Nasmyth, who had no reason for reticence, and found his mind rapidly growing clearer, briefly related what had led him to set out on his journey through the Bush, and his companion nodded.
“It’s very much as I expected,” he said. “They paid you off before you left that logging camp?”
“They did,” said Nasmyth, who was pleased to recall the fact. “I had thirty-two dollars in my belt.”
His companion looked at him steadily. “When you came here you hadn’t a belt on. There was not a dollar in your pockets, either.”
This was naturally a blow to Nasmyth. He realized that it would probably be several weeks at least before he was strong enough to work again, and he had evidently been a charge upon these strangers for some little time. Still, he did not for a moment connect any of them with the disappearance of his belt. He was too well acquainted with the character of the men who are hewing the clearings out of the great forests of the Pacific slope. As a matter of fact, he never did discover what became of his belt.
“Well,” he said, “I suppose I forgot to put it on, one of those mornings on the march. Still, it’s not very astonishing that the thing should worry me. I can’t expect to stay on at this ranch. When do you think I can get up and set out again?”

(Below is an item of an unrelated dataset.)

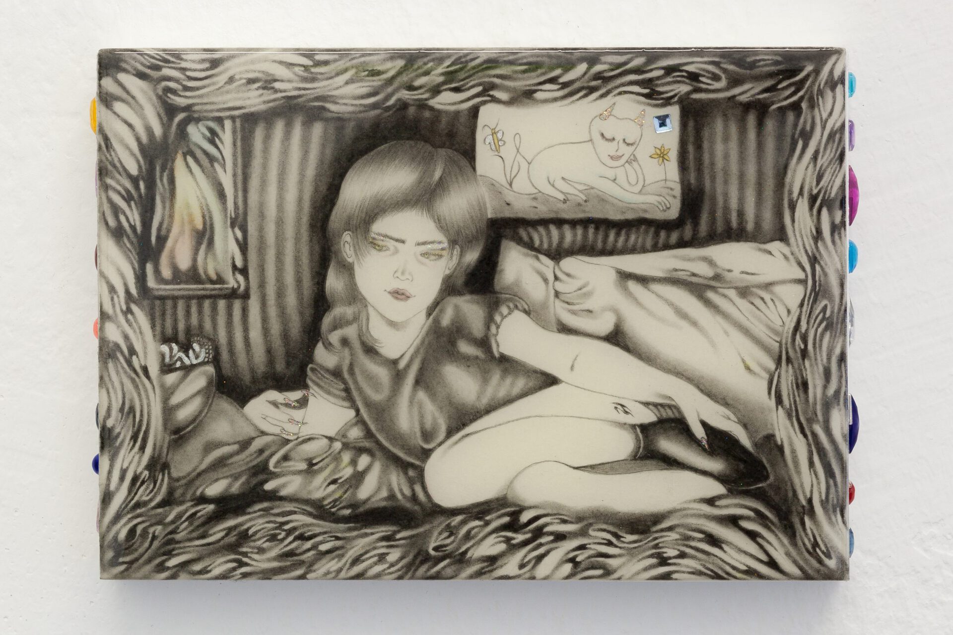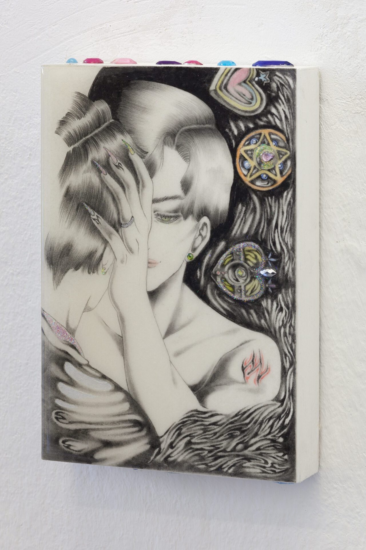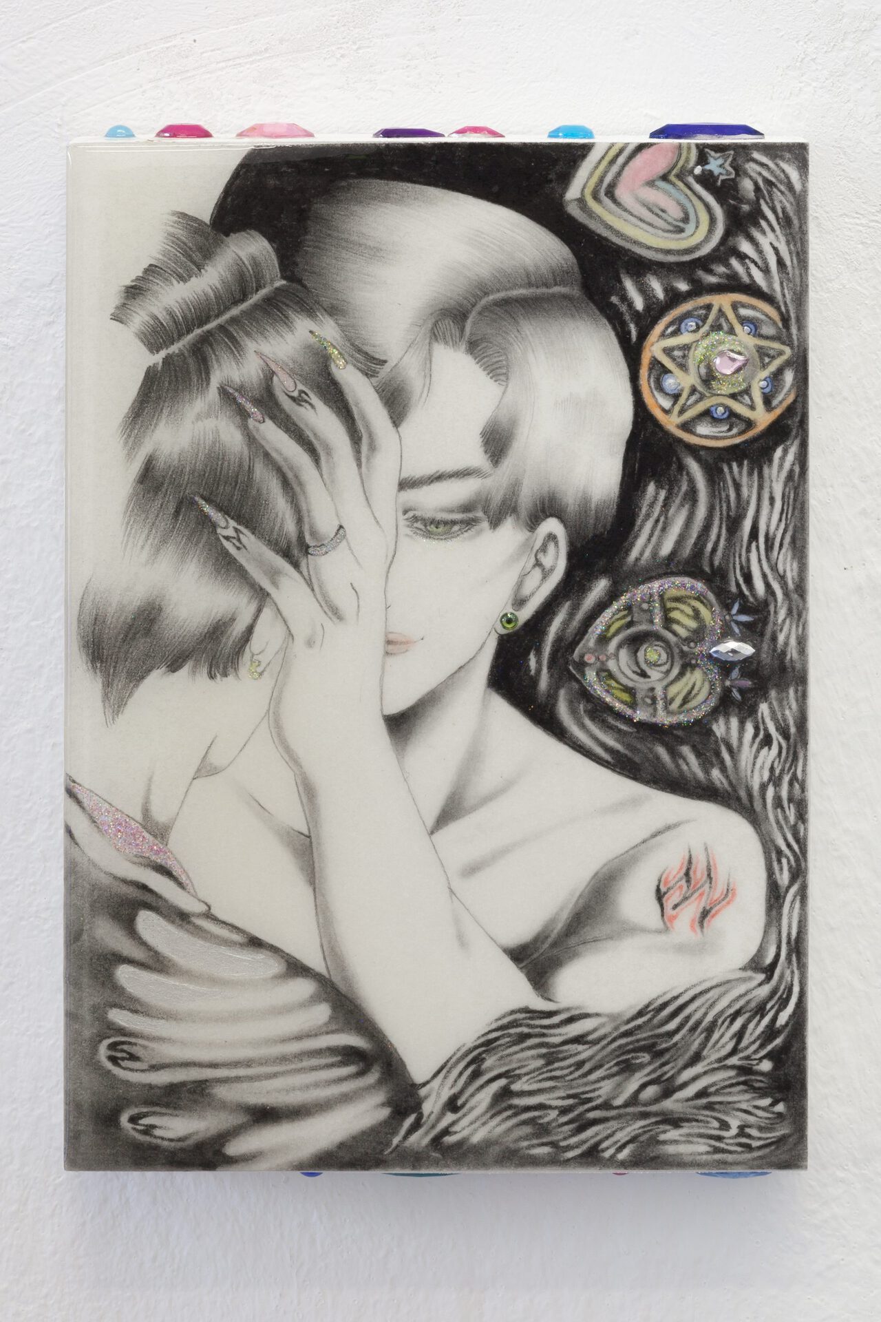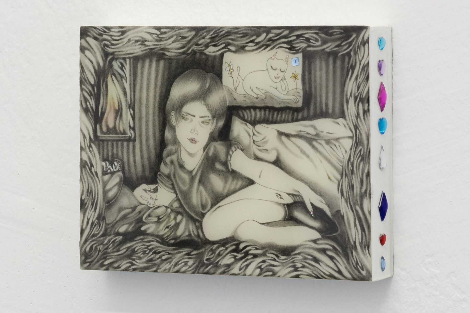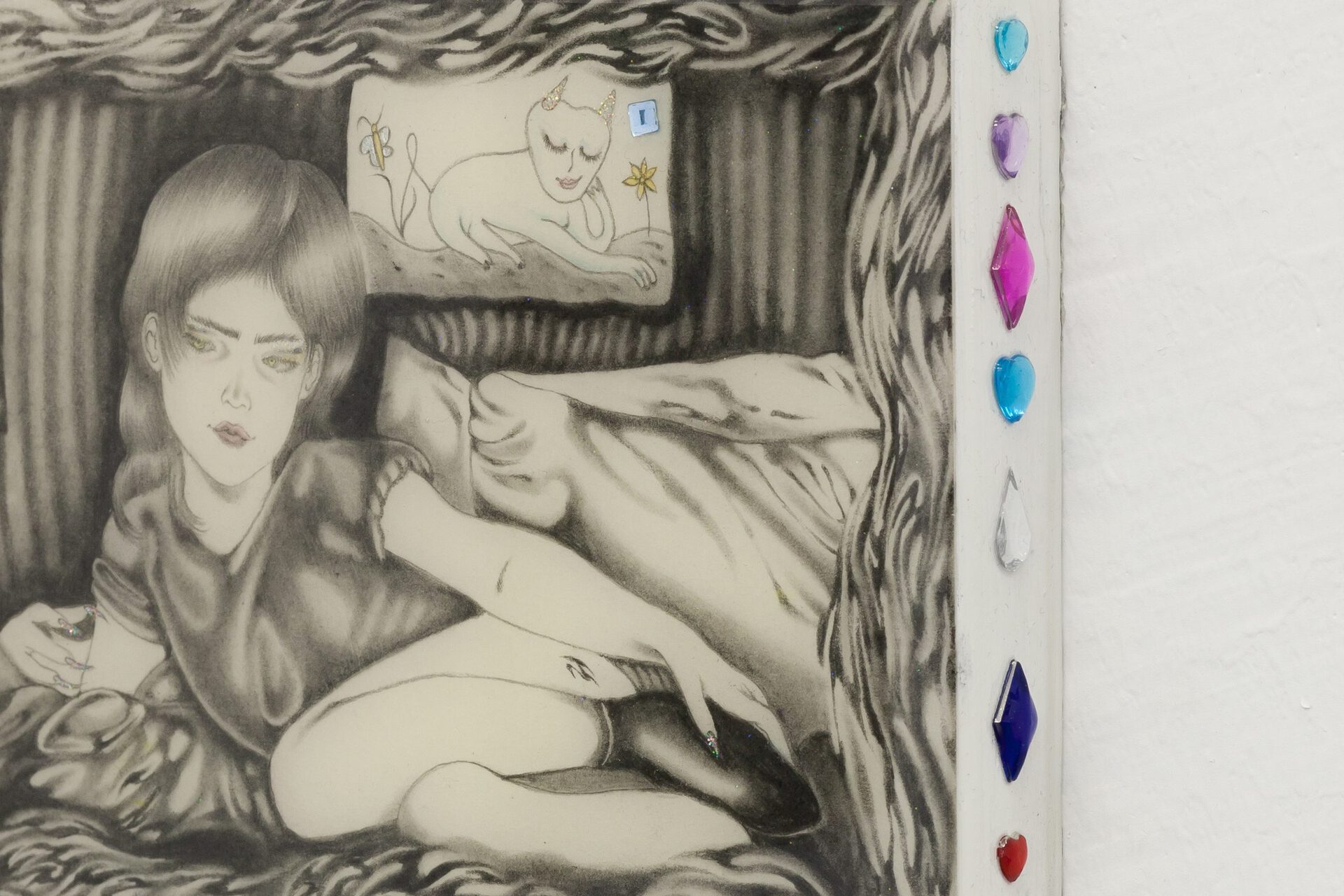 We choose to disbelieve Psyche because she conflates matter with spirituality, we disregard the psychic because she intends something too strongly with her mind. We presume that Psyche is hiding something, repressing some Ur-Sache that would unpack the symptom of her pathological lies. Such a presumption, however, fails to engage with the cultural preoccupations that produce psychic illness: the fact that Psyche is so beautiful that we cannot refrain from picturing her, posting her, sharing her, idolising her, shaming her. Why not sketch out her likeness in graphite and watercolour, wait for a certain alchemy to turn the image from self-knowledge towards collective madness? Diagnoses have only ever described the way we respond to the irrationality of society-building, the excess of being that gushes out when morality bites on the clitoris, when the Other is chained up in the shadows. Hysterical woman, multiple-personality-disorder woman, Influencer woman, narcissist, freak. She tells her fanciful stories and her payment (the price, the fare) to us has the function of neutralising something infinitely more dangerous than money – namely, a debt to society.

“How long have you been out here?”
“Been out?”
Gordon laughed. “You’re from the Old Country–that’s plain enough.”
“Several years.”
“In that case I’m not going to tell you we’re not likely to turn you out until you have some strength in you. I believe I’m speaking for Miss Waynefleet now.”
Nasmyth lay still and considered this. It was, at least, quite evident that he could not get up yet, but there were one or two other points that occurred to him.

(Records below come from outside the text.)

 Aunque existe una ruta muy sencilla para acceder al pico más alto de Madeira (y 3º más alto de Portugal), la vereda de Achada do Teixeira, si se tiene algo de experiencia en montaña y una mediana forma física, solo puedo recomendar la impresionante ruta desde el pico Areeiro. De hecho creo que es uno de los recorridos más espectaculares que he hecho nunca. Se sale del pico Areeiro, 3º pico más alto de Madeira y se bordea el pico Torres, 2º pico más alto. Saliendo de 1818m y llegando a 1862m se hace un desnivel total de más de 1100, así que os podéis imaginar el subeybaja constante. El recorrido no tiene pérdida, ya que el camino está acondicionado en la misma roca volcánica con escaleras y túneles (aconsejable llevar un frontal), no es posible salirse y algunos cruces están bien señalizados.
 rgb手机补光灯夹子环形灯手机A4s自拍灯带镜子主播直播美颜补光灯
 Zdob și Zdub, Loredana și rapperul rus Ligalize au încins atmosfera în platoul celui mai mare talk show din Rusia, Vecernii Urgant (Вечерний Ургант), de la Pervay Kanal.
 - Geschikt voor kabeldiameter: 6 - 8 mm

“Does the ranch belong to Miss Waynefleet?” he inquired. “She can’t live here alone.”
“She runs the concern. She has certainly a father, but you’ll understand things more clearly when you see him. He’s away in Victoria, which is partly why Mrs. Custer from the settlement is now in yonder room. Her husband is at present building a trestle on the Dunsmore track. I come up here for only an hour every day.”

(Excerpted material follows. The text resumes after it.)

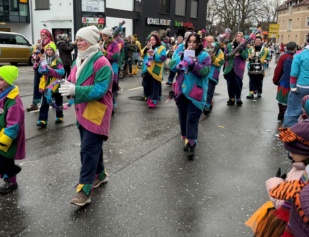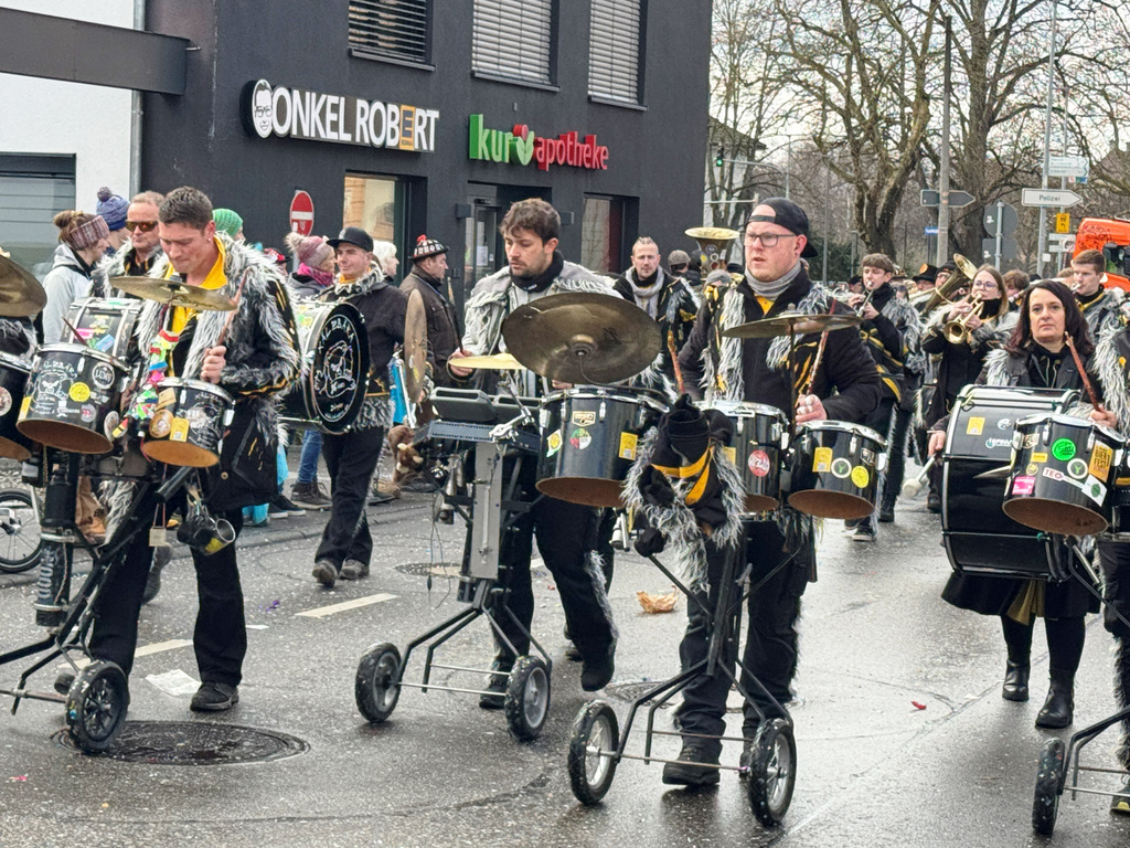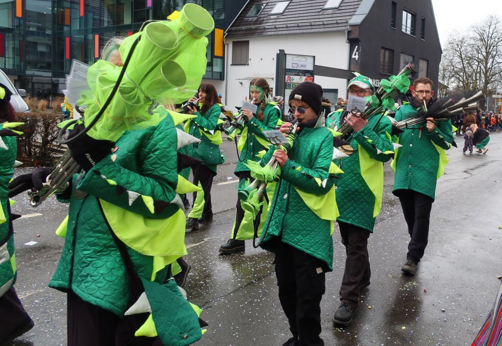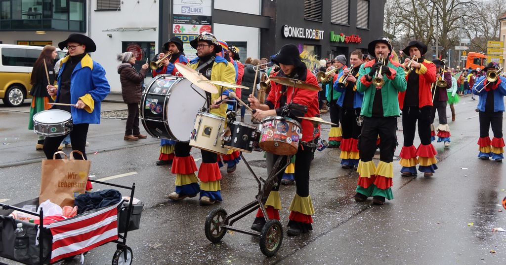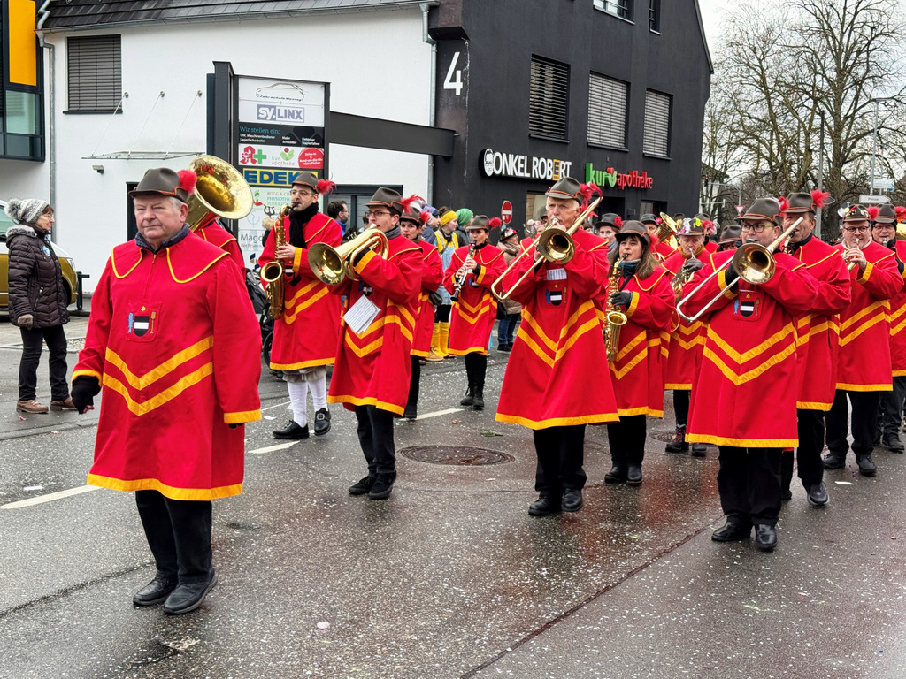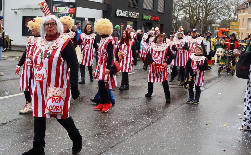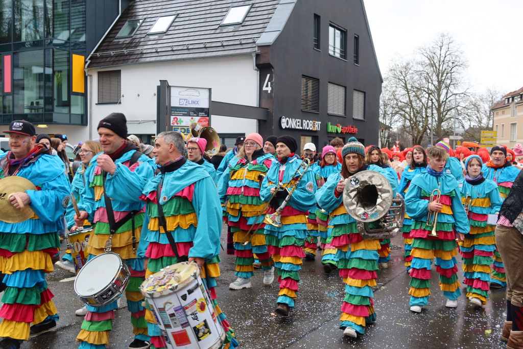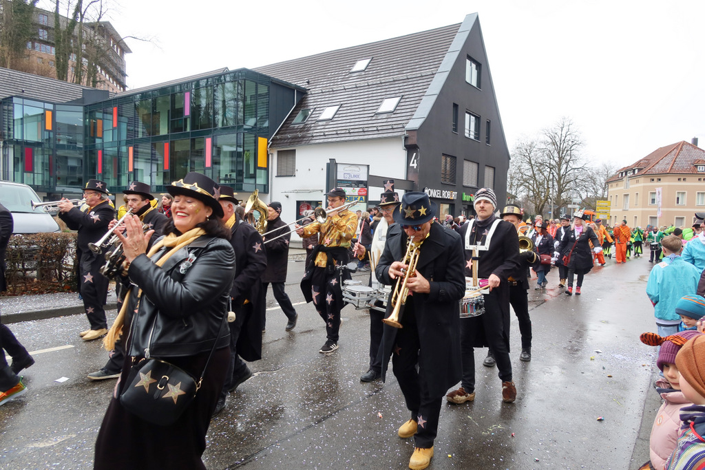 Mit fetzigen Klängen brachten die verschiedenen Musikgruppen viel Bewegung in die riesengroße Schar der Närrinnen und Narren und in die Zuschauerreihen.

Nasmyth afterwards discovered that this implied a journey of three or four miles either way over a very indifferent trail, but at the moment he was thinking chiefly of Miss Waynefleet, who had given him shelter.
“You practise at the settlement?” he asked.
“Yes,” said his companion dryly, “chopping big trees. I’ve a ranch there. Still, I don’t know that you could exactly call it practising. By this time, I’ve acquired a certain proficiency in the thing.”
Nasmyth fancied that he must have gone to sleep soon after this, for when he opened his eyes again there was no sign of the doctor, and a girl was quietly moving about the room. She sat down, when she saw that he was awake, and looked at him with a little smile, and it was only natural that Nasmyth should also look at her. It struck him once more that she had wonderful hair. In the lamp-light, it seemed to glow with curious red-gold gleams. She had also quiet brown eyes, and a face that was a trifle darkened by sun and wind. He guessed that she was tall. She looked so as she moved about the room with a supple gracefulness that had a suggestion of strength in it. That was all he noticed in detail, for he was chiefly conscious of the air of quiet composure that characterized her. He was a trifle fanciful that night, and, while he looked her, he felt as he had sometimes felt when he stood at sunset in the silence of the shadowy Bush, or gazed down into the depths of some still river pool. Only her gleaming red-gold hair and her full red lips slightly counteracted this impression. There was in them at least a hint of fire and passion.
“You are much better,” she said, and her softly modulated voice fell pleasantly on his ears. He contrived to raise himself a trifle.
“I believe I am,” he answered, “In any case, I know I owe it to you that I’m alive at all. Still”–and he hesitated–“I can’t help feeling a bit uncomfortable. You see, I have really no claim on you.”